One hundred and seventeen individuals were screened for trial eligibility. Thirty-three participants were randomized into placebo (n = 15; APOE4 carriers=7; non-carriers=8) and DHA treatment arms (n = 18, APOE4 carriers=8; non-carriers=10), as shown in Fig. 1. All but one participant had a Clinical Dementia Rating (CDR) score of 0. Twenty-six individuals completed lumbar punctures and MRI imaging, and 29 completed cognitive assessments at baseline and 6 months. The majority of participants were women, and there were more males in the placebo group than in the DHA group. A summary of the demographic and clinical characteristics of the cohort based on treatment is provided in Table 1. The information is further grouped by APOE4 status and presented in Supplementary Table 3. Blood and imaging biomarkers, as well as baseline neuropsychological measures, are provided in Supplementary Table 4. For the analysis results of primary, secondary, and exploratory outcomes, the mean differences in change between treatment groups with 95% confidence interval are presented. Overall, the intervention was well tolerated, the majority of adverse events were minor (mostly gastrointestinal) and did not differ by treatment arms (Supplementary Table 5). Mean adherence by pill count in the overall sample was 80.4% (placebo mean (SD)=79.8 (21.8); DHA mean (SD)=80.9 (17.3)).

Fig. 1

Consort diagram. From 117 participants screened for eligibility, 33 were randomized into placebo (n = 15, APOE4=7, non-APOE4=8) and DHA (n = 18, APOE4=8, non-APOE4=10) treatment arms.

Table 1

Demographic and baseline clinical characteristics by treatment arm.

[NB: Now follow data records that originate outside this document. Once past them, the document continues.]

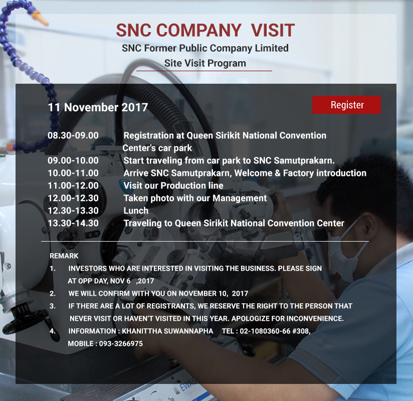 Activities Back to news page 03 November 2017 SNC COMPANY VISIT (SNC Former Public Company Limited) 04 November 2025 บริษัท เอส เอ็น ซี ฟอร์เมอร์ จำกัด (มหาชน) สาขา 2 เข้ารับรางวัล KAIZEN CONTEST 2025 06 September 2025 กิจกรรมวันต่อต้านคอร์รัปชัน 2568 03 September 2025 บริษัท พาราไดซ์ พลาสติก จำกัด และบริษัท เอสเอ็นซี ครีเอติวิตี้ แอนโทโลจี จำกัด เข้ารับรางวัล Industry 4.0 Recognition Awards 2025 28 August 2025 บริษัท อิมมอทัล พาร์ท จำกัด โดย ดร.สมชัย ไทยสงวนวรกุล ประธานกรรมการบริหาร และตัวเเทนจากบริษัทฯ เข้ารับรางวัล Technical Development Award 2024 จาก บริษัท ไดกิ้น อินดัสทรีส์ (ประเทศไทย) จำกัด วันที่ 28 สิงหาคม 2568 11 November 2024 บริษัท เอส เอ็น ซี ฟอร์เมอร์ จำกัด (มหาชน) รับมอบประกาศนียบัตรรับรองการต่ออายุเป็นสมาชิกแนวร่วมต่อต้านคอร์รัปชันของภาคเอกชนไทย (CAC) ครั้งที่ 3 จากสมาคมส่งเสริมสถาบันกรรมการบริษัทไทย (IOD)
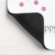 This mouse pad features a fun confetti pattern and the motivational phrase: think happy be happy.
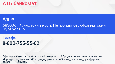 АТБ, банкомат по адресу 683006, Камчатский край, Петропавловск-Камчатский, Чубарова, 6 в дальнейшем Организация, размещена в следующих категориях:
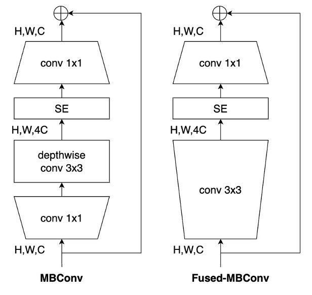V1中使用了MBConv结构,其中depthwise conv在专用加速器上的性能并不理想,作者提出了Fused-MBConv,使用conv3x3替换掉MBConv中的conv1x1和depthwise conv3x3,MBConv和Fused-MNBConv的结构如下图所示:
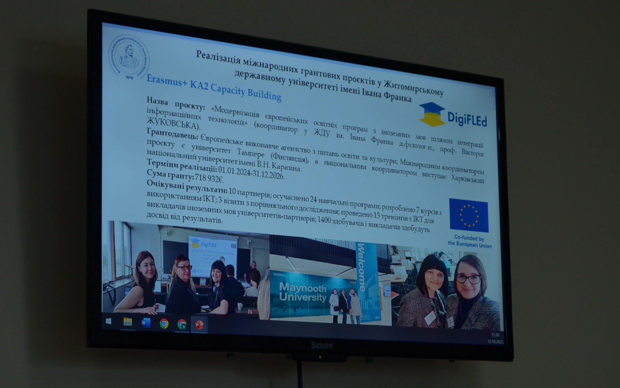 Associate Professor Lesia Dobrovolska presented the outcomes of the Erasmus+ DigiFLEd project, highlighting the creation of new courses, the integration of digital technologies into foreign language teaching, and the launch of virtual centres for professional development.
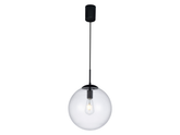 Závěsné interiérové svítidlo, galvanizovaná kovová konstrukce v matné černé barvě, průhledný difuzor z foukaného skla.
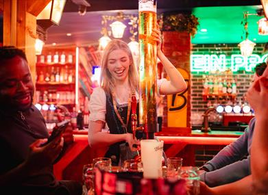 The bar is known for its legendary beer towers, 2 pint steins, cocktails, 2 foot pizzas, perfect for sharing. Regular entertainment includes live music, karaoke, musical bingo, quizzes, bottomless brunches and high-energy DJs that keep the crowd going well into the night. On weekends, Barbara’s also hosts lively brunches with bottomless drinks, pizza, and entertainment that turns daytime drinking into a full-blown party.

	Placebo (N = 15)	DHA (N = 18)	P-value
Age in years, median (min, max)	69 (58, 79)	68.5 (58, 90)	0.46
Males, n (%)	4 (27%)	2 (11%)	0.37
Race, n (%)			0.39
White (Non-Hispanic)	7 (47%)	11 (61%)
Hispanic	5 (33%)	6 (33%)
Black	0	1 (6%)
Asian	2 (13%)	0
Other	1 (7%)	0
APOE genotype, n (%)a			0.99
E2/E3	2 (13%)	3 (17%)
E3/E3	6 (40%)	6 (33%)
E3/E4	6 (40%)	6 (33%)
E4/E4	1 (7%)	2 (11%)
BMI (kg/m2), median (IQR)	32.0 (7.3)	27.8 (5.8)	0.13
HgbA1c (%), median (IQR)	5.7 (0.2)	5.8 (0.6)	0.66
MoCA, median (min, max)b	27 (22, 30)	28 (19, 30)	0.62

The exact genotype of one of the non-APOE4 carriers in the DHA arm was not determined.

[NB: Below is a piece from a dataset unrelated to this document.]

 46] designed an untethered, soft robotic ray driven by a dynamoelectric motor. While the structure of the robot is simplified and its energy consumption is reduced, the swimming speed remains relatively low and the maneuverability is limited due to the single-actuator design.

Sample size for HgbA1c, MoCA: placebo (N = 15), DHA (N = 17).

Change in CSF and plasma fatty acids after the intervention

At baseline, higher CSF DHA levels were significantly correlated with higher CSF Aβ42 (r = 0.54; p = 0.0033). Fatty acid levels measured at baseline in CSF and plasma are presented in Supplementary Tables 6 and 7. After six months of DHA supplementation, there was a significant increase in CSF DHA in the DHA supplement arm (n = 13) compared with placebo (n = 13) (mean difference (95% CI): 0.08 (0.05, 0.10) µg/ml; p<0.0001; Fig. 2a). There was a trend for a greater increase in CSF DHA in APOE4 non-carriers compared to carriers (0.02 (−0.003, 0.04), p = 0.08, Cohen's effect size d = 0.41) but the interaction between the treatment group and APOE group on the change of CSF DHA was not significant (p = 0.61; Fig. 2a). CSF EPA levels were increased after DHA supplementation (0.008 (0.004, 0.01) µg/ml; p <0.0001; Fig. 2b). Change in CSF EPA levels in both groups was significantly greater in APOE4 non-carriers compared to carriers (0.006 (0.003, 0.009) µg/ml; p = 0.001). Interaction of APOE genotype and treatment on the change in CSF EPA level was not significant (p = 0.54). The changes in all CSF fatty acids by treatment group are presented in Supplementary Table 8.

Fig. 2

Comparison of post-intervention difference in CSF DHA and EPA levels at baseline and 6-months based on treatment arm and APOE4 status. Comparison of a) change in CSF DHA between DHA and placebo treatments arms separated by APOE4 status, b) change in CSF EPA between treatment arms separated by APOE4 status, c) change in plasma DHA between treatments arms separated by APOE4 status, and d) change in plasma EPA between treatment arms separated by APOE4 status, e) mean DHA% change compared to baseline in CSF and plasma, f) mean% change in EPA compared to baseline in CSF and plasma. The p values were derived from a linear model ANCOVA.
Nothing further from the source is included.